WORK TO COMPLETE
Using the data below, restate exactly every line from the one with "三聯(lián)璧是該館的重" up to and including the one with "The OEM replacement". No picture belongs in it.

STUDY MATERIAL
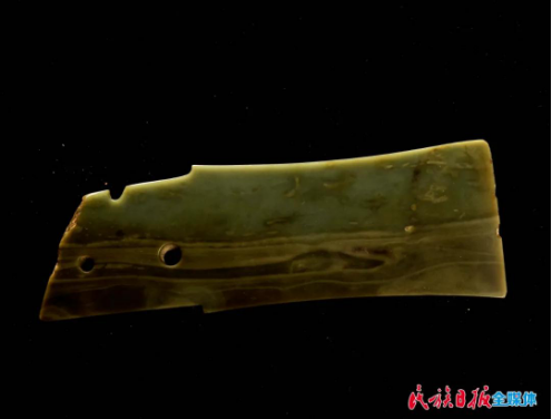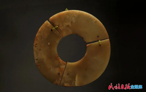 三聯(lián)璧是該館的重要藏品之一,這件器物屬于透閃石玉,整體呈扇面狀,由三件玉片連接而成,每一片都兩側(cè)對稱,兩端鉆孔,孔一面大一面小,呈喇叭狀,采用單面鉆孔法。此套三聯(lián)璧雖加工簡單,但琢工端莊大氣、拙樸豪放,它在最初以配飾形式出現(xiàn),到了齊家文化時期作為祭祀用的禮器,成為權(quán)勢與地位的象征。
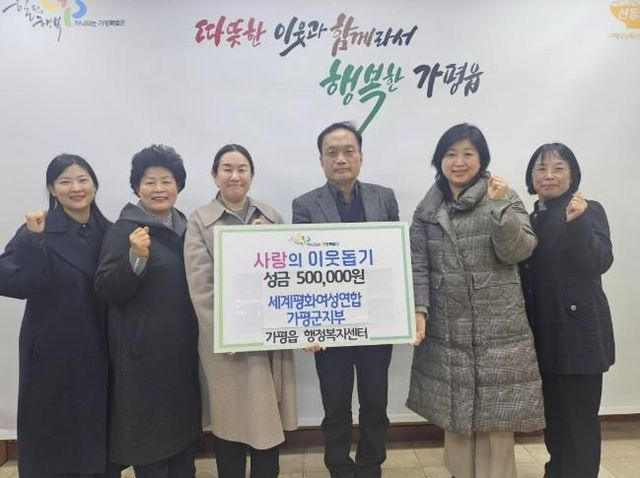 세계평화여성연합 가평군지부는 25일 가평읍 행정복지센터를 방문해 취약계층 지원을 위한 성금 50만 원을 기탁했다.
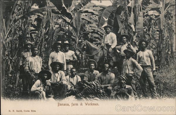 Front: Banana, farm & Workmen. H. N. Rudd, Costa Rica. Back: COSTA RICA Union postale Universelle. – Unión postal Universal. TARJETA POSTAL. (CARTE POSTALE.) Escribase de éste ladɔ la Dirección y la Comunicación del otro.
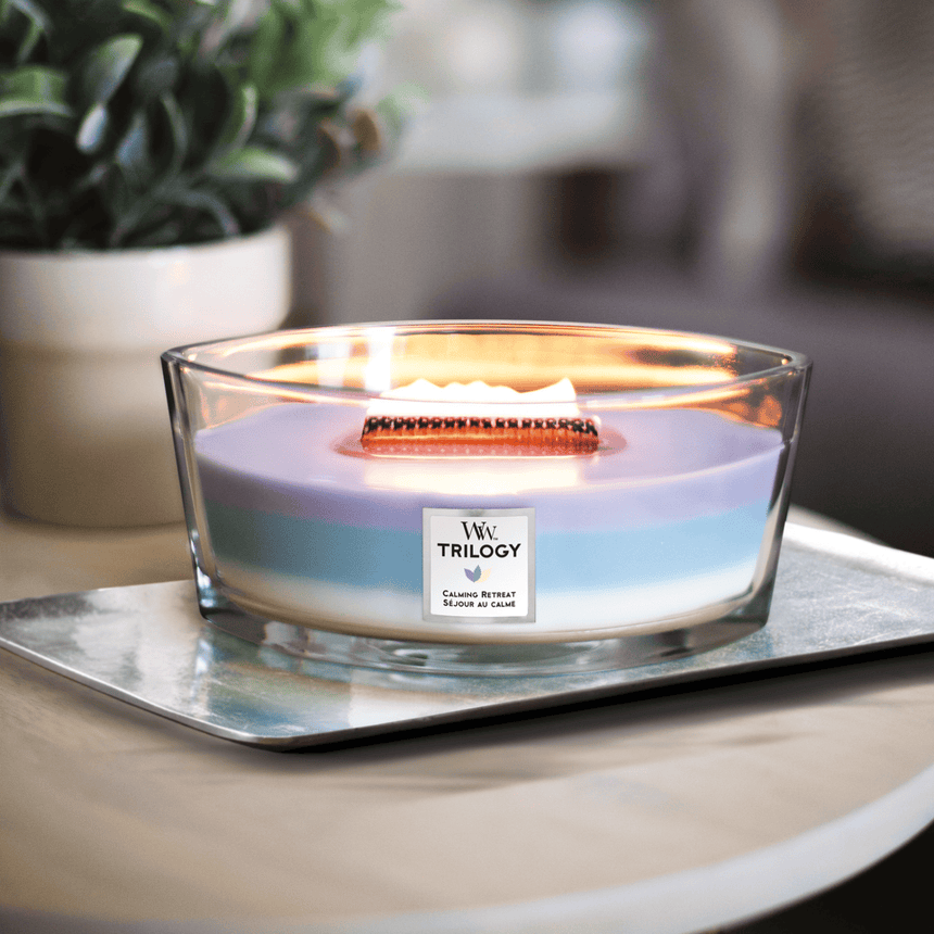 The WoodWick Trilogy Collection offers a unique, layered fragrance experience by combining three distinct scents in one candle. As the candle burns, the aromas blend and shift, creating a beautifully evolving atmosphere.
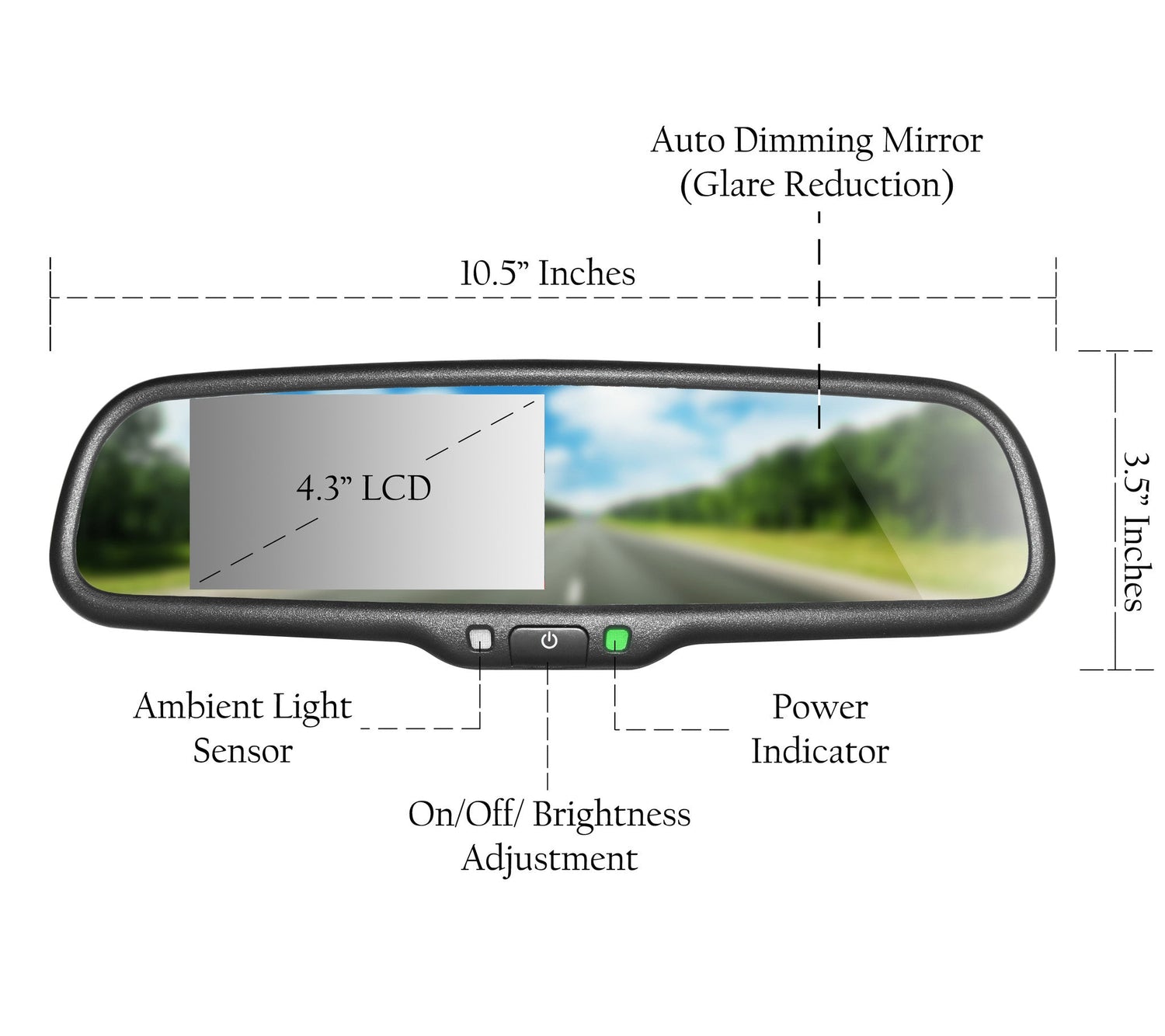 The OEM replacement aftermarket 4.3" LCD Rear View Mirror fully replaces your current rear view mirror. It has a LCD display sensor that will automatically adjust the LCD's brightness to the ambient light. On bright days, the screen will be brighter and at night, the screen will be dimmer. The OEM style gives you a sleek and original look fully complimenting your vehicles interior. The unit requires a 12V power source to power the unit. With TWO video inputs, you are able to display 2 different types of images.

==

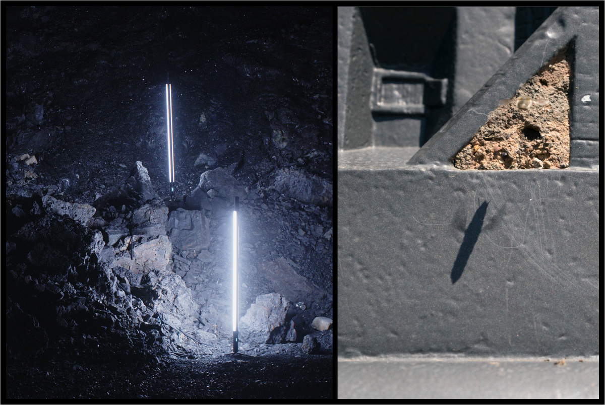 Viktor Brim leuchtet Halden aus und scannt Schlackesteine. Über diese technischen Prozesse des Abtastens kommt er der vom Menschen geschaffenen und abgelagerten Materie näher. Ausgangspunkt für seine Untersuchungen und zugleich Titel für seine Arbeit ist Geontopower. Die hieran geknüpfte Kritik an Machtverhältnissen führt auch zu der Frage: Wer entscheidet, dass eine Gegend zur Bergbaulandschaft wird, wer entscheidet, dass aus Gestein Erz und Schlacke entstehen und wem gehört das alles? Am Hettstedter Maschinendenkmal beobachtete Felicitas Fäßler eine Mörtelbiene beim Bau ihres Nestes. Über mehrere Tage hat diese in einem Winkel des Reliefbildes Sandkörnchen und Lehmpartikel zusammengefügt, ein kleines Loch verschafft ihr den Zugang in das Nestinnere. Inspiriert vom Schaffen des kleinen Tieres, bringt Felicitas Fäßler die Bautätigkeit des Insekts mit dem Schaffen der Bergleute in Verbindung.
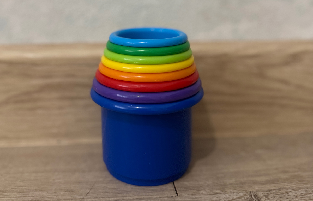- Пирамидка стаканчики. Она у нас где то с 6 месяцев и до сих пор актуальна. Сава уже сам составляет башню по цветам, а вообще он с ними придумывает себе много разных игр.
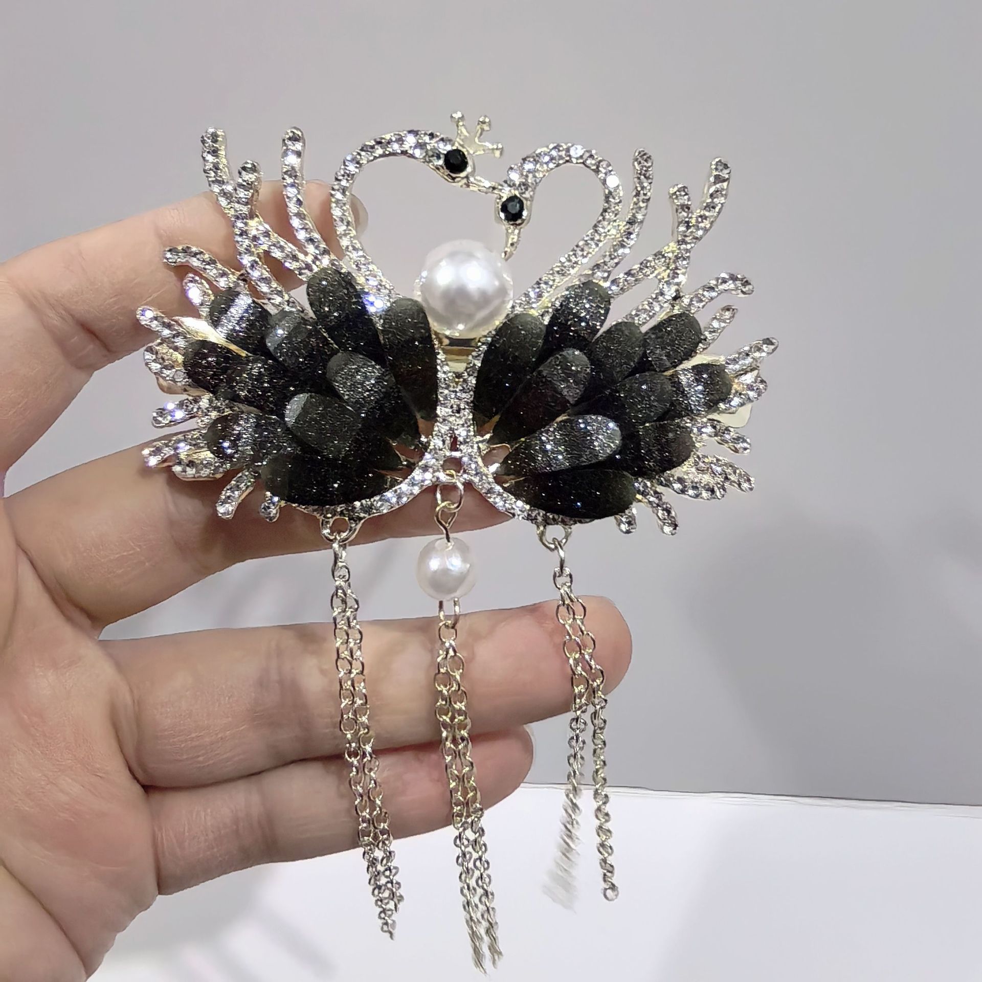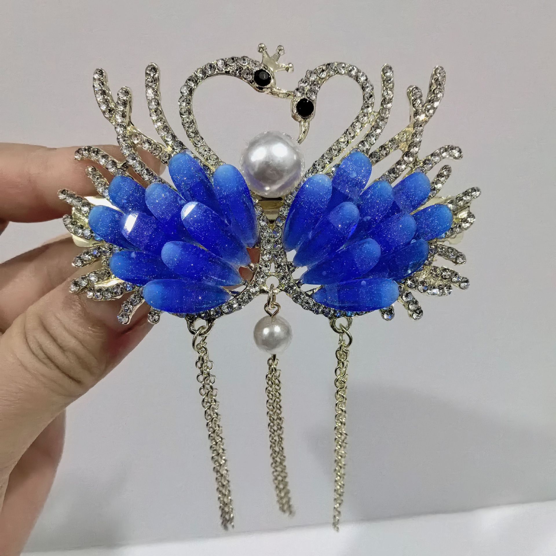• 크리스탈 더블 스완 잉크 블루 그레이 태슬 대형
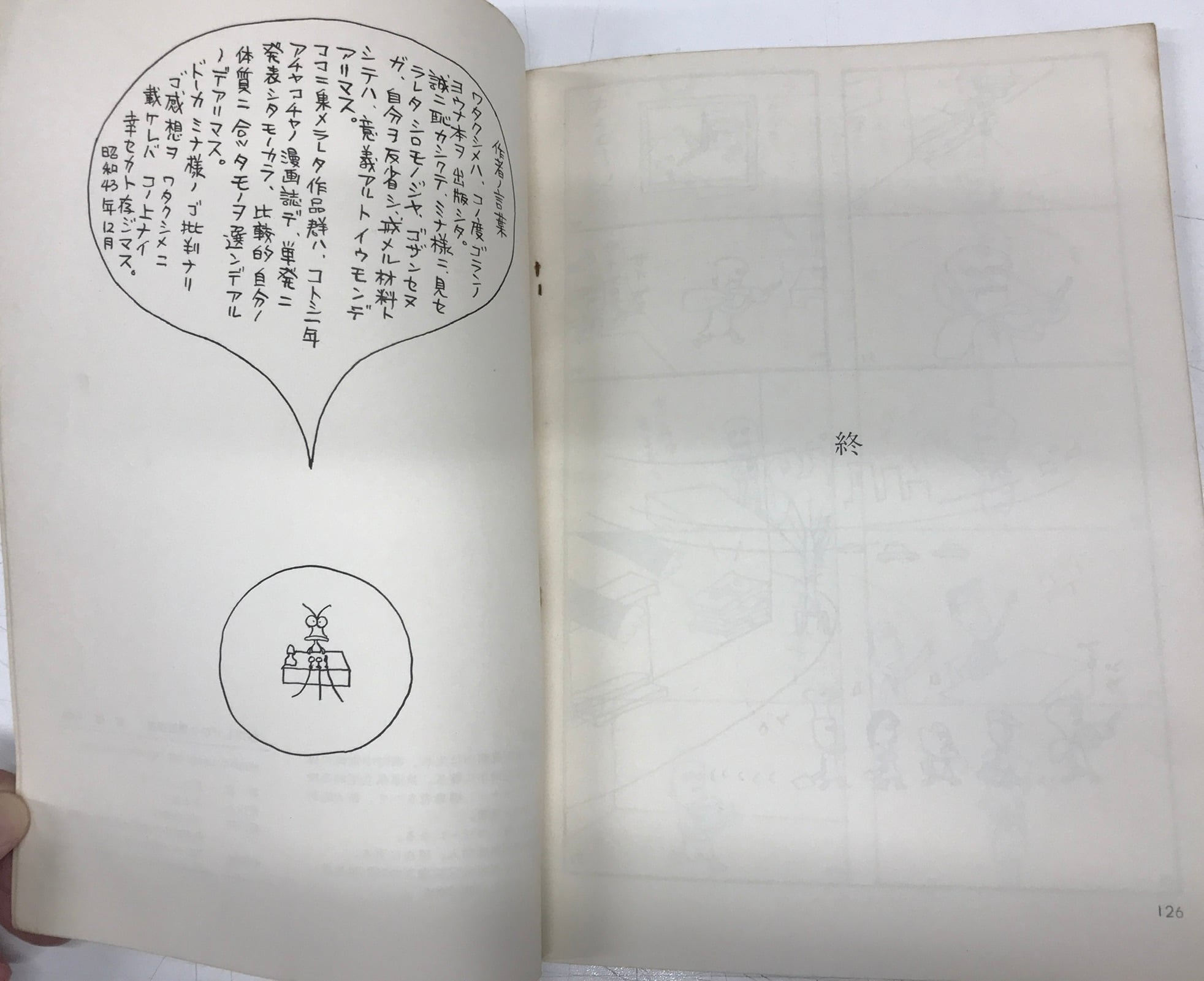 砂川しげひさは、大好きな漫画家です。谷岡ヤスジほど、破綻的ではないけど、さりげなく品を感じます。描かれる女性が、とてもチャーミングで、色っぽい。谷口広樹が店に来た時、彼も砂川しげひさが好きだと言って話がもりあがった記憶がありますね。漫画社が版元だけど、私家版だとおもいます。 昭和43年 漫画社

EXERCISE OUTPUT
 三聯(lián)璧是該館的重要藏品之一,這件器物屬于透閃石玉,整體呈扇面狀,由三件玉片連接而成,每一片都兩側(cè)對稱,兩端鉆孔,孔一面大一面小,呈喇叭狀,采用單面鉆孔法。此套三聯(lián)璧雖加工簡單,但琢工端莊大氣、拙樸豪放,它在最初以配飾形式出現(xiàn),到了齊家文化時期作為祭祀用的禮器,成為權(quán)勢與地位的象征。
 세계평화여성연합 가평군지부는 25일 가평읍 행정복지센터를 방문해 취약계층 지원을 위한 성금 50만 원을 기탁했다.
 Front: Banana, farm & Workmen. H. N. Rudd, Costa Rica. Back: COSTA RICA Union postale Universelle. – Unión postal Universal. TARJETA POSTAL. (CARTE POSTALE.) Escribase de éste ladɔ la Dirección y la Comunicación del otro.
 The WoodWick Trilogy Collection offers a unique, layered fragrance experience by combining three distinct scents in one candle. As the candle burns, the aromas blend and shift, creating a beautifully evolving atmosphere.
 The OEM replacement aftermarket 4.3" LCD Rear View Mirror fully replaces your current rear view mirror. It has a LCD display sensor that will automatically adjust the LCD's brightness to the ambient light. On bright days, the screen will be brighter and at night, the screen will be dimmer. The OEM style gives you a sleek and original look fully complimenting your vehicles interior. The unit requires a 12V power source to power the unit. With TWO video inputs, you are able to display 2 different types of images.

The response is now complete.